── Data excerpts ──

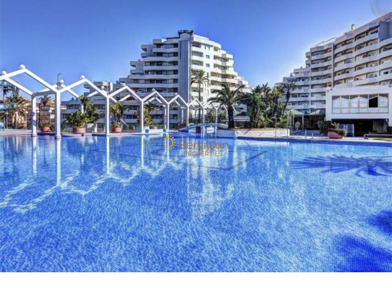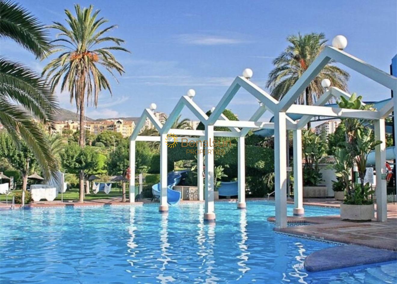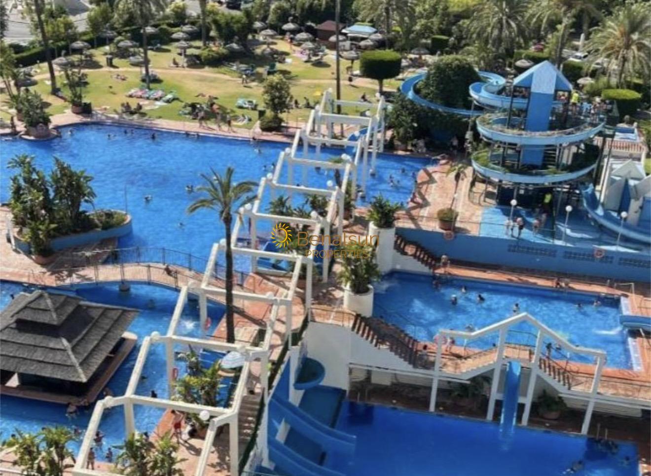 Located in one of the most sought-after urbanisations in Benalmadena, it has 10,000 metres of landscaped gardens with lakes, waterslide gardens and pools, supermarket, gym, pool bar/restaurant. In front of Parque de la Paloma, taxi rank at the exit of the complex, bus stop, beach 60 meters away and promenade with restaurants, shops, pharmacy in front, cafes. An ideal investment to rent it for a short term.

───
── Data excerpts ──

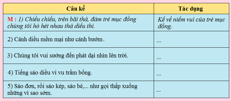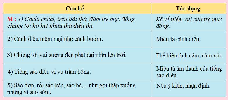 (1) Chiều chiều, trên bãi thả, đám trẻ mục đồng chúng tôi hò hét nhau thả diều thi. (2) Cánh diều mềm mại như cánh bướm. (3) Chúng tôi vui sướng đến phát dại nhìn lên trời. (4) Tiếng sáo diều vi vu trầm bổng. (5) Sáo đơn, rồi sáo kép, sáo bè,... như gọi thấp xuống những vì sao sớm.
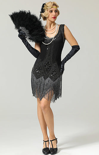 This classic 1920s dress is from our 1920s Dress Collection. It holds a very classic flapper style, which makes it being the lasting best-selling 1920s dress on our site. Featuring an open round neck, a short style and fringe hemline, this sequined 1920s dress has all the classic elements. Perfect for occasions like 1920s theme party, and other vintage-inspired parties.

───

Activity: Look above for the line with "(1) Chiều chiều, trên" and copy exactly from it through the line with "This classic 1920s", both included. Omit the pictures.

Result of the task:
 (1) Chiều chiều, trên bãi thả, đám trẻ mục đồng chúng tôi hò hét nhau thả diều thi. (2) Cánh diều mềm mại như cánh bướm. (3) Chúng tôi vui sướng đến phát dại nhìn lên trời. (4) Tiếng sáo diều vi vu trầm bổng. (5) Sáo đơn, rồi sáo kép, sáo bè,... như gọi thấp xuống những vì sao sớm.
 This classic 1920s dress is from our 1920s Dress Collection. It holds a very classic flapper style, which makes it being the lasting best-selling 1920s dress on our site. Featuring an open round neck, a short style and fringe hemline, this sequined 1920s dress has all the classic elements. Perfect for occasions like 1920s theme party, and other vintage-inspired parties.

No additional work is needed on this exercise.